Total RNA from tissue was isolated using the RNeasy Kit (QIAGEN). mRNA from total RNA or cultured cell lysate was purified by binding to poly(dT) magnetic beads (Invitrogen), reverse transcribed using Superscript III (Invitrogen), and quantified by real-time PCR using SYBR green fluorescence on the 7900HT Sequence Detection System (Applied Biosystems) as previously described [17]. Cycle threshold (Ct) values were normalized to the housekeeping gene eukaryotic translation initiation factor EIF3F (TIF). Primer sequences are provided in the list of PCR primers (Online Methods).

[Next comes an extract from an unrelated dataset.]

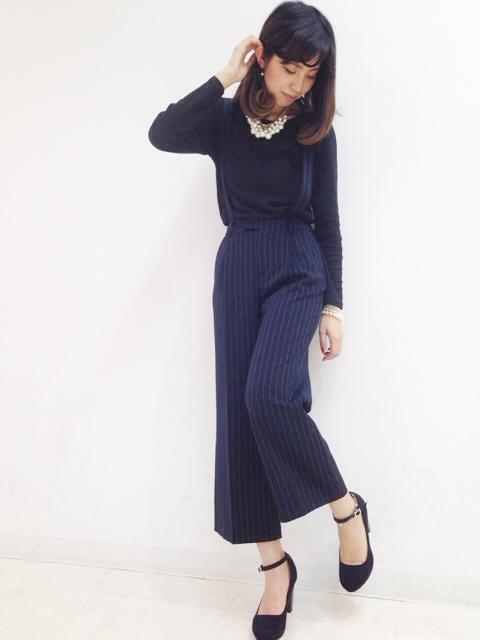 出典:https://pbs.twimg.com/ 黒とネイビーでまとめた上品な着こなし。パールのネックレスとパンプスを合わせてエレガントに。

Chromatin immunoprecipitation (ChIP) analysis

Hypoxia response elements (HRE consensus sequence, Pu(A/G)CGTG) were searched using the mouse IL10 gene sequence (NM_010548) from the promoter region (defined as −2000 bp upstream of the transcription start site) to the 3′ end of the gene (+702 bp from the stop codon) [18]. ChIP assay was carried out using ChIP-IT Express kit (Active Motif) according to the manufacturer’s protocol. Briefly, mouse CD4+ cells (5 × 106 cells) were cultured in 5% O2 incubator for 4 d and fixed in 1% formaldehyde for 10 min at room temperature, after which the nuclei were isolated, sonicated, immunoprecipitated (4 μg control rabbit IgG or anti-HIF1α antibody), and bound-DNA quantified by real-time PCR. The primer sequences of APOE (nonspecific genomic control) and IL10 HREs are provided in the list of PCR primers (Online Methods).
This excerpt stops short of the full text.